As Feng was talking, so Jiyai Shin, the former No 1, passed by in a pink and blue spotted shirt with a prettily-raised collar, while Jenny Shin, no relative, arrived on the scene in a luminous yellow shirt with yellow and white matching patent shoes.
It would have been interesting to show pictures to this new breed of what sportswomen in the West would have worn nearly a century ago. In the 1920s, for example, there were no waterproofs, with one good lady having to ask the Ladies’ Golf Union’s permission to put her woollen skirt through a mangle before she went out and played the 19th. The 2010 US men’s Ryder Cup side, whose waterproofs leaked through the little holes where the players’ names had been embroidered across the backs, would have known how the good lady felt.

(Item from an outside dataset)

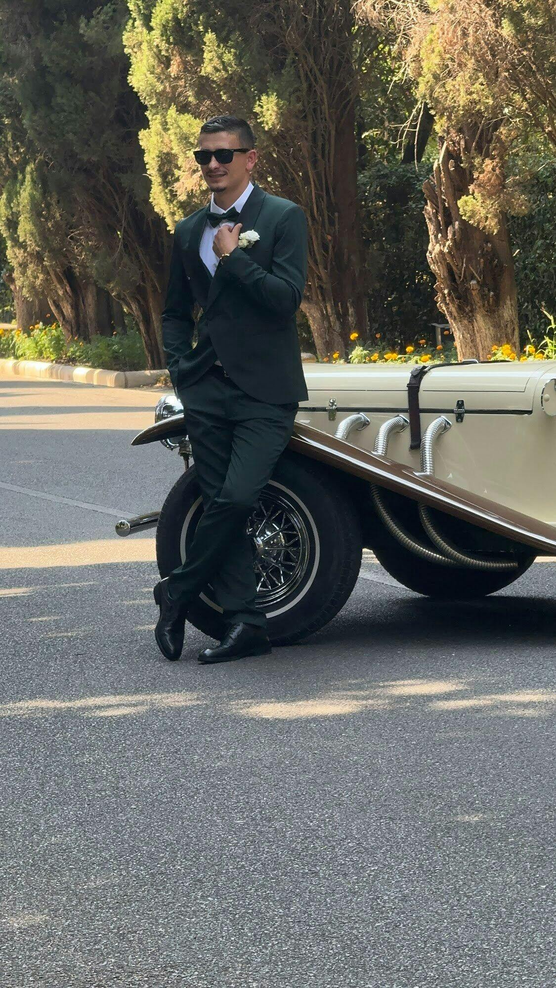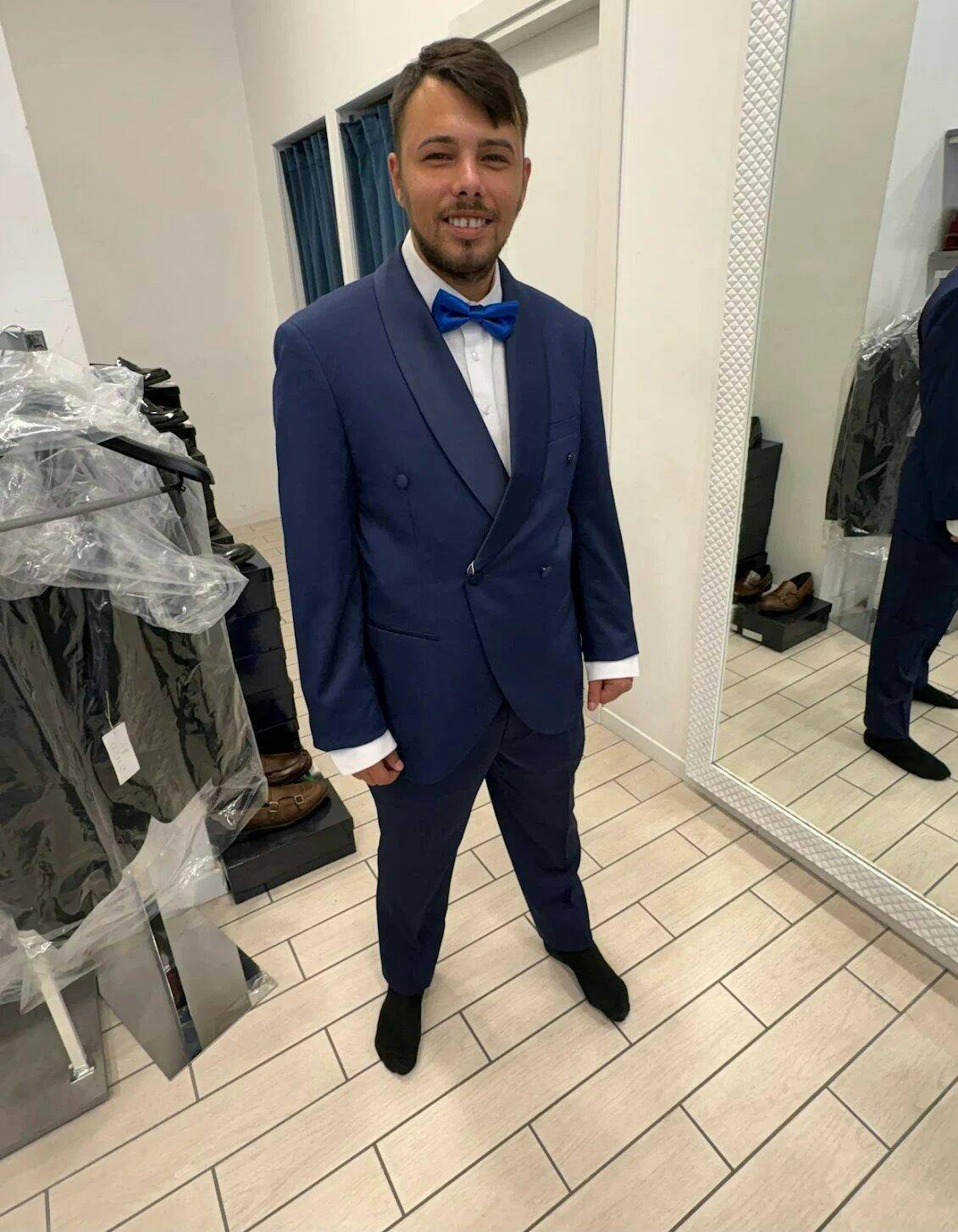 Modello: Smoking con giacca doppiopetto, collo sciallato e bottoni rivestiti. Il pantalone è un classico a gamba dritta
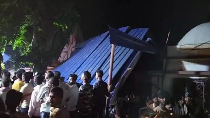 बिहार के सारण जिले में बीती रात बड़ा हादसा हो गया। यहां एक महावीरी मेले में एक घर का छज्जा गिरने से कई लोग घायल हो गए। घटना का वीडियो इंटरनेट मीडिया पर तेजी से वायरल हो रहा है। जानकारी के अनुसार हादसे में घायल हुए सभी लोगों को इलाज के लिए इसुआपुर स्वास्थ्य केंद्र ले जाया गया।

For the most part, though, today’s top players have garments which shrug off the rain and cold-weather outfits in which they stay warm without looking like Michelin men. Here again, you ask where the best fabrics originate, and the women are apt to chorus ‘Japan’.
In summing up appearances, Creamer describes the optimum look as “athletic and girly”.
There are, as she says, certain rules to which players on the LPGA Tour must adhere, but it is a bit like a school uniform. Insofar as it is possible, you push the rules to the limit rather than flout them – and make yourself stand out from the rest.
Hee Young Park was far too polite to say as much, but ‘basic’ means boring.